## What to produce:
Print the lines in the listing below starting at the line with "Pinko stivali anfibi" and ending at the line with "Handmade Medjugorje Olive", both included. Reproduce them exactly and omit every picture.

## Records:
-*-

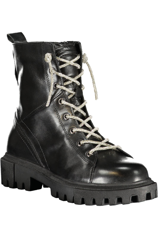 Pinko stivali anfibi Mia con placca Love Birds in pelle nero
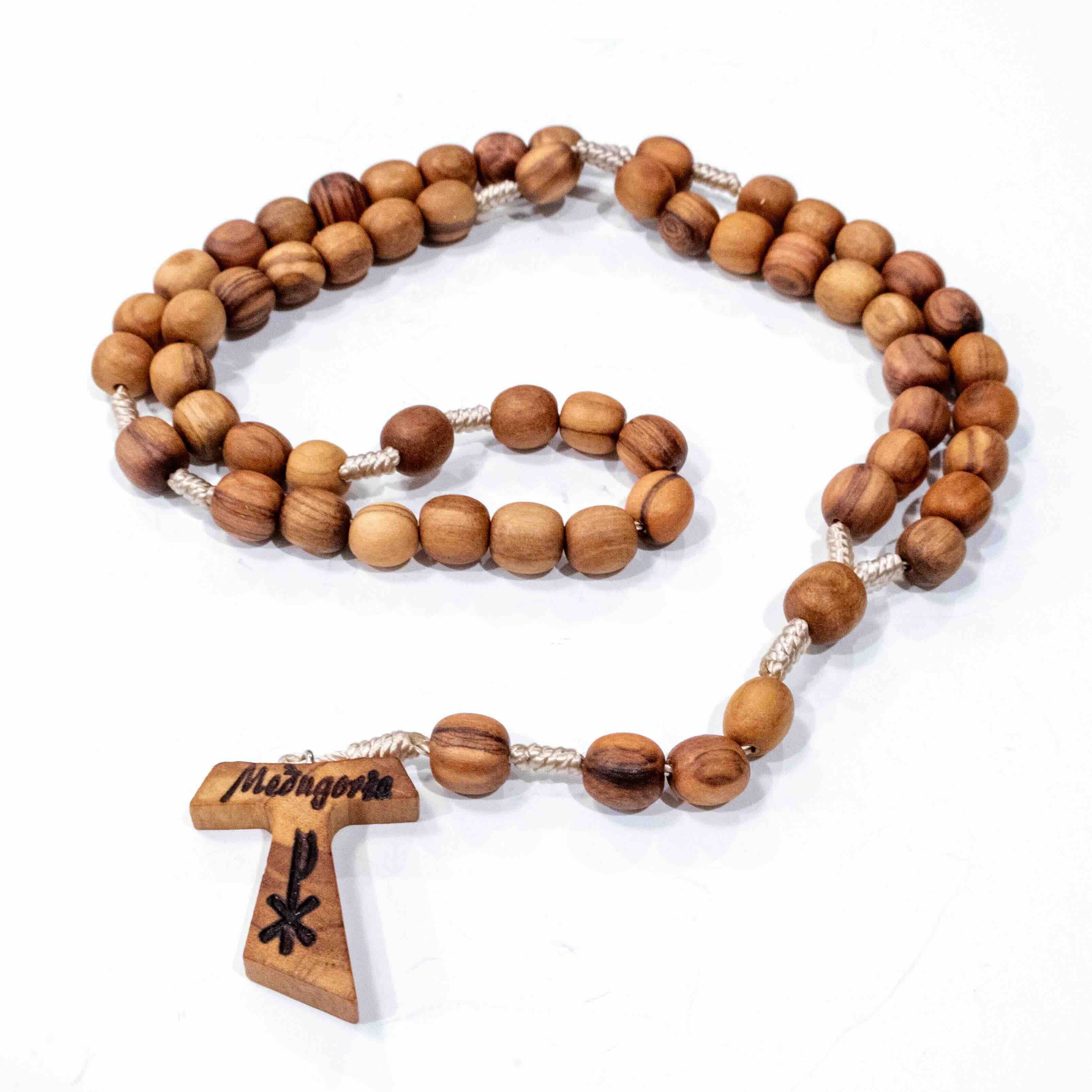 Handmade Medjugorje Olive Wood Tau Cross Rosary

-*-

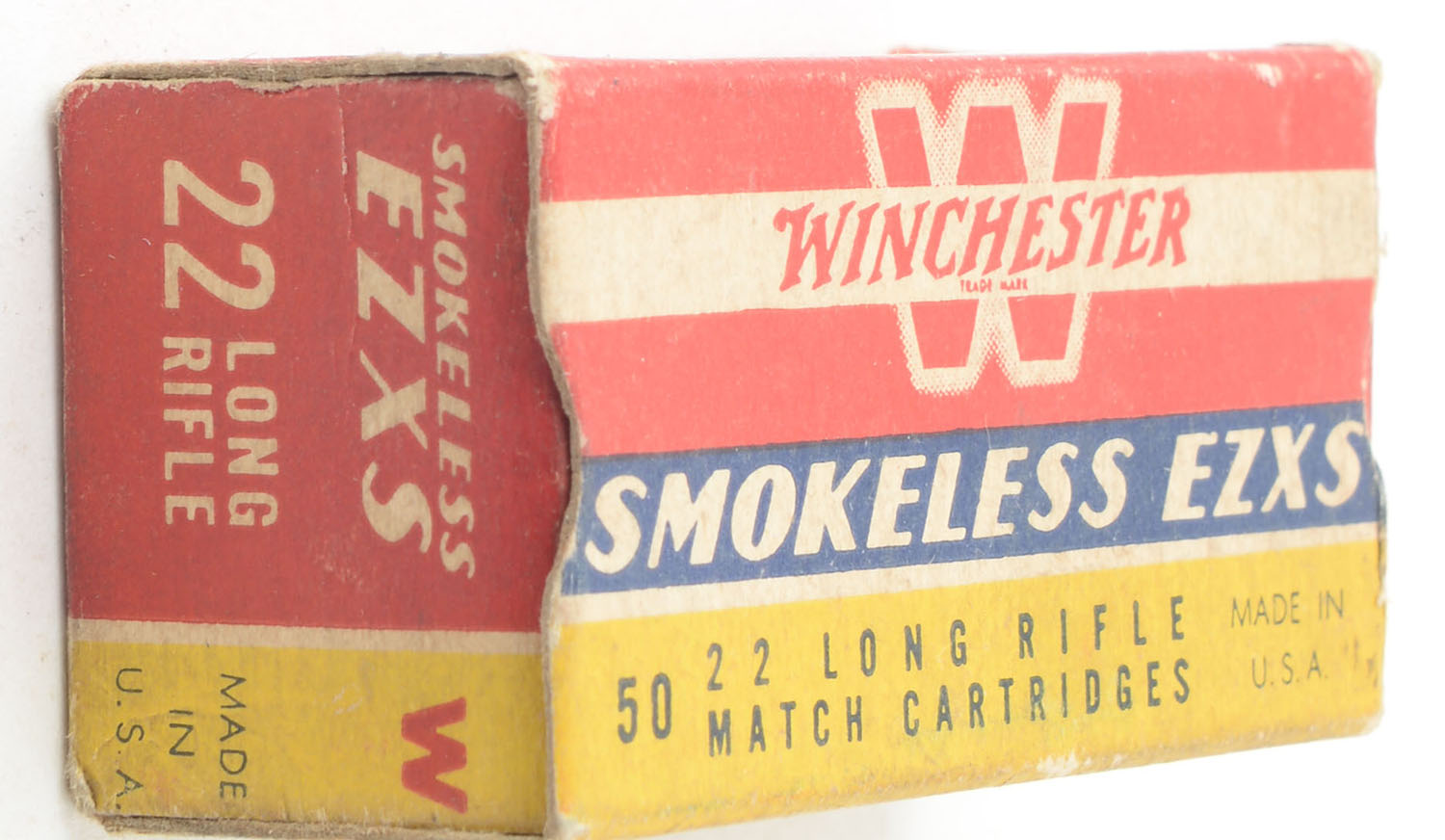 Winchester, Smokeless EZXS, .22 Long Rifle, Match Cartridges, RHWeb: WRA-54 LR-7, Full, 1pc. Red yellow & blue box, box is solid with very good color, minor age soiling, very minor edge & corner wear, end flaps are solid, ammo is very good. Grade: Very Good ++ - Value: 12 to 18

-*-

## Written response:
 Pinko stivali anfibi Mia con placca Love Birds in pelle nero
 Handmade Medjugorje Olive Wood Tau Cross Rosary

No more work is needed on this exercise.